(EXERCISE REQUIREMENTS)
Find the line with "يجمع عيش مشخول" in the entries below, then output every line from it down to the line with "Bérénice est le", exactly and with no pictures.

(DATA FOR THIS EXERCISE)
++++
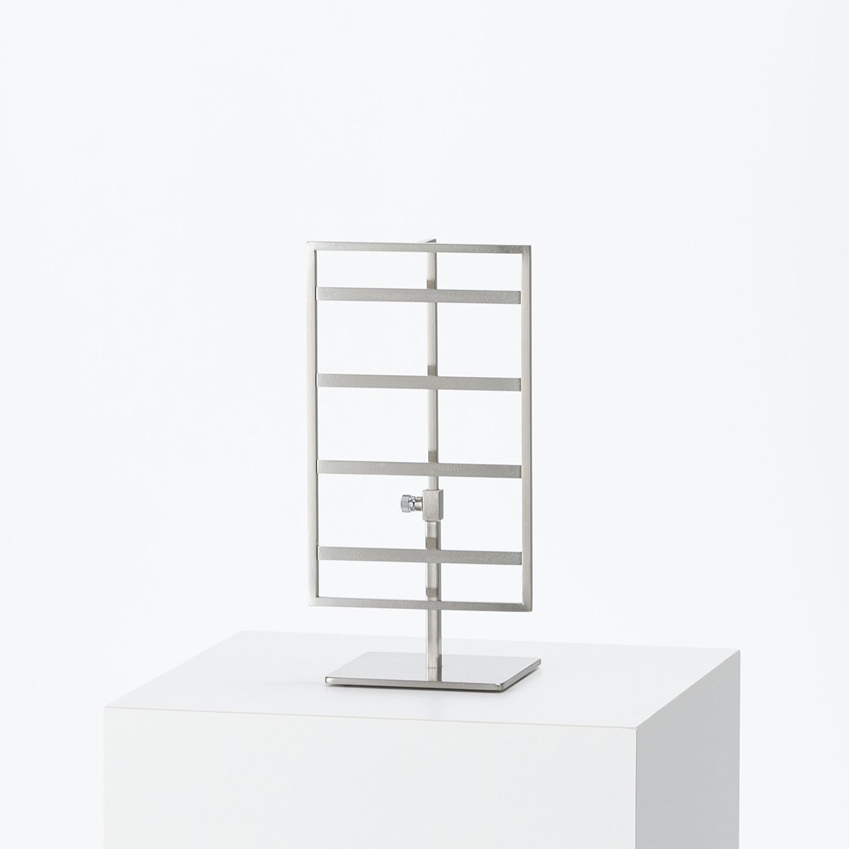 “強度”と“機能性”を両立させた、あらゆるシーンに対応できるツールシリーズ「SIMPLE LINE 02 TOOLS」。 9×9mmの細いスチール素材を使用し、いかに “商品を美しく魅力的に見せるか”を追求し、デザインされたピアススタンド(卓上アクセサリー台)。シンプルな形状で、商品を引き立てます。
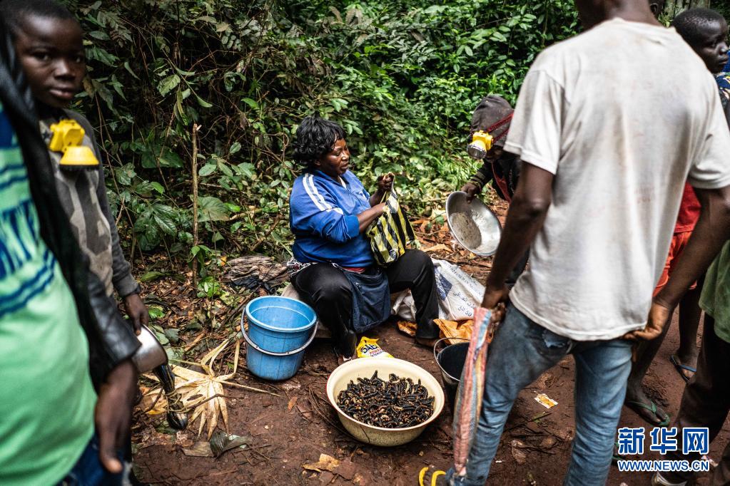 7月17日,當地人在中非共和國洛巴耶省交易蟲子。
++++
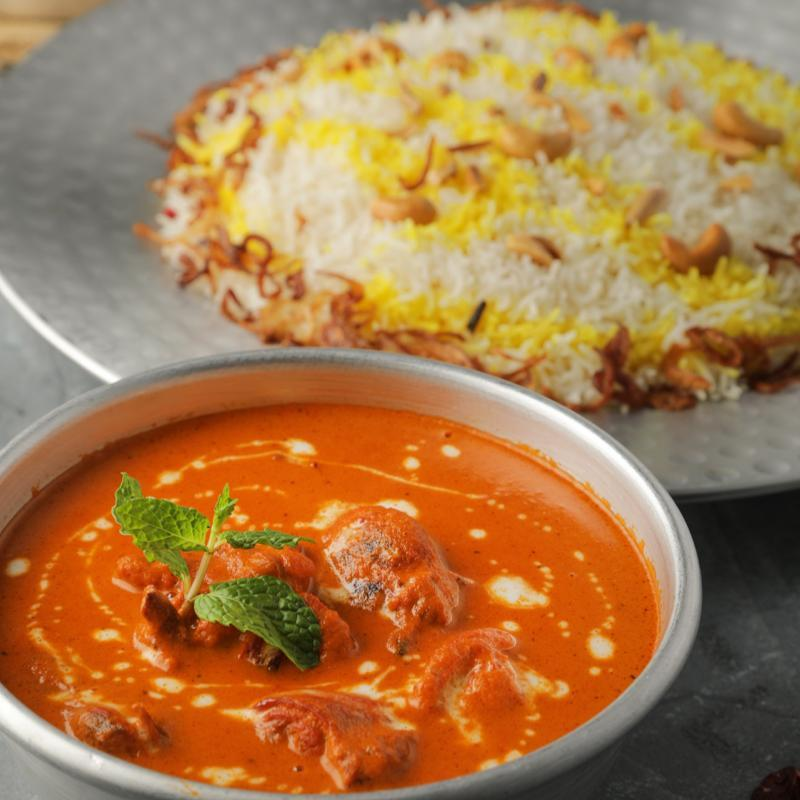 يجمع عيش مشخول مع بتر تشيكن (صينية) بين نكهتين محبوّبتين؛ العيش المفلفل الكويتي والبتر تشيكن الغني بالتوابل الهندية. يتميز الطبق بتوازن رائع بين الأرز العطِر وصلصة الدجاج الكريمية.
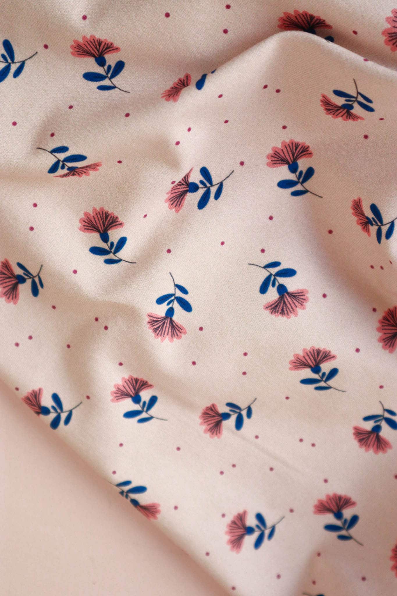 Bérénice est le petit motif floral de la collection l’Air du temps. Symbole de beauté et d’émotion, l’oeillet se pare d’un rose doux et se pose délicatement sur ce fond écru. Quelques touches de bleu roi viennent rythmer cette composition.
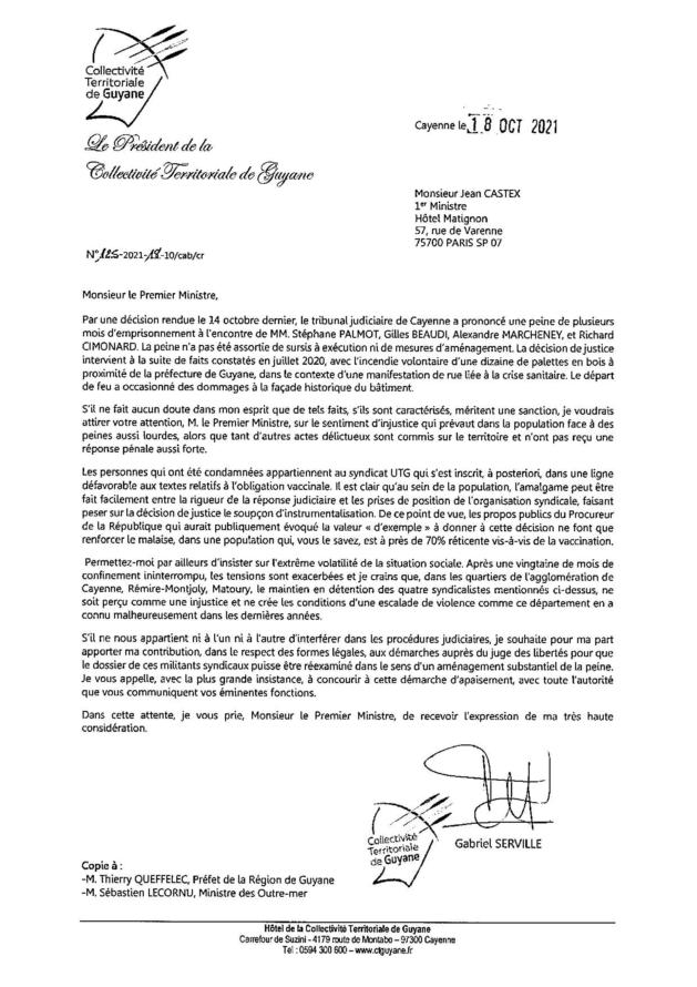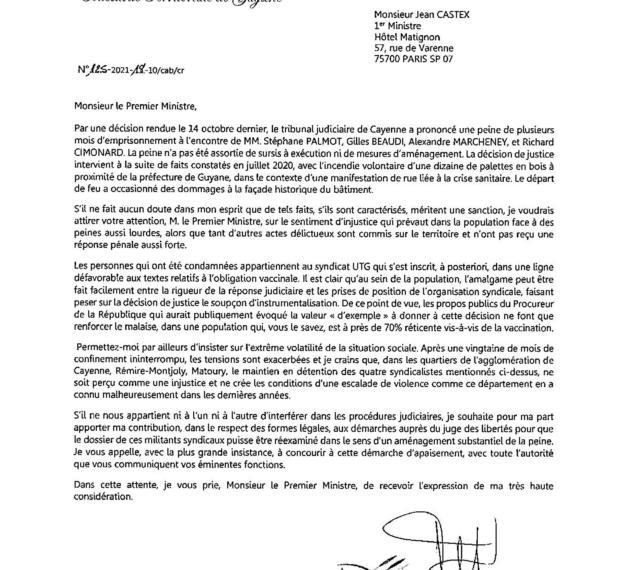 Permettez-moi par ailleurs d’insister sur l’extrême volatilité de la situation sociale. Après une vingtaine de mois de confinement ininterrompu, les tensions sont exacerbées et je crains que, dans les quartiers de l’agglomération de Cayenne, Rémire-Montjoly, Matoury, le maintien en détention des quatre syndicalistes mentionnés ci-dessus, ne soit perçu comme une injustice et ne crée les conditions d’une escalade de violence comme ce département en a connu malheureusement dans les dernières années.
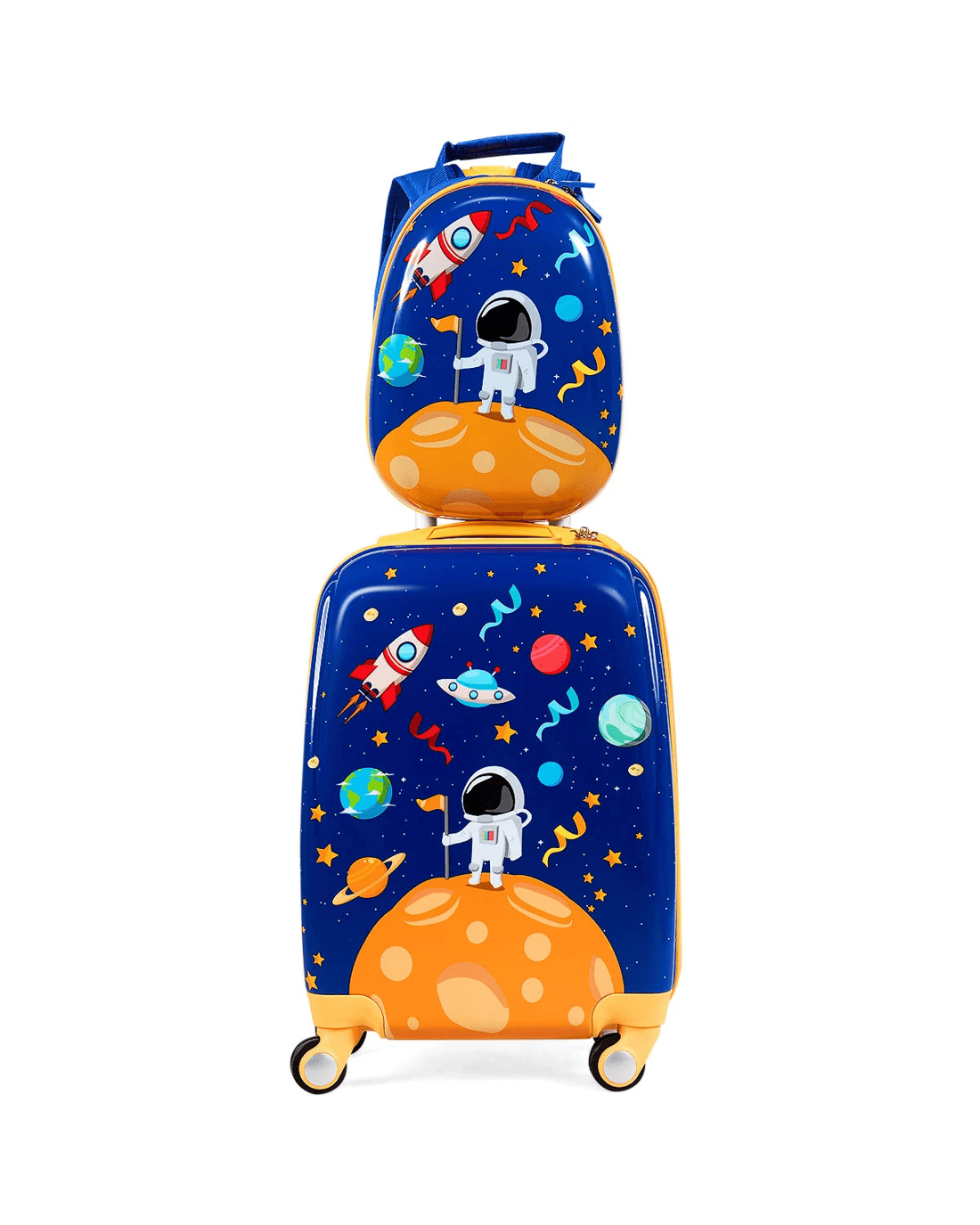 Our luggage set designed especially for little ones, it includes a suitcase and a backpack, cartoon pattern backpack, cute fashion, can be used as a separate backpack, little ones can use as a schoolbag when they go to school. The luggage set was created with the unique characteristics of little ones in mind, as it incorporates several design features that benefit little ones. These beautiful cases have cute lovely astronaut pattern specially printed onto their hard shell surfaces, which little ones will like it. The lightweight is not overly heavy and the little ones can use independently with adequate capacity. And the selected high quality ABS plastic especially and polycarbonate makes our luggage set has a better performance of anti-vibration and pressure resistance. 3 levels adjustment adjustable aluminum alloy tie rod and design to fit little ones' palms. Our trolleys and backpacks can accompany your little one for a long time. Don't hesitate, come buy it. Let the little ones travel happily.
++++
(RESPONSE TO THE TASK)
 يجمع عيش مشخول مع بتر تشيكن (صينية) بين نكهتين محبوّبتين؛ العيش المفلفل الكويتي والبتر تشيكن الغني بالتوابل الهندية. يتميز الطبق بتوازن رائع بين الأرز العطِر وصلصة الدجاج الكريمية.
 Bérénice est le petit motif floral de la collection l’Air du temps. Symbole de beauté et d’émotion, l’oeillet se pare d’un rose doux et se pose délicatement sur ce fond écru. Quelques touches de bleu roi viennent rythmer cette composition.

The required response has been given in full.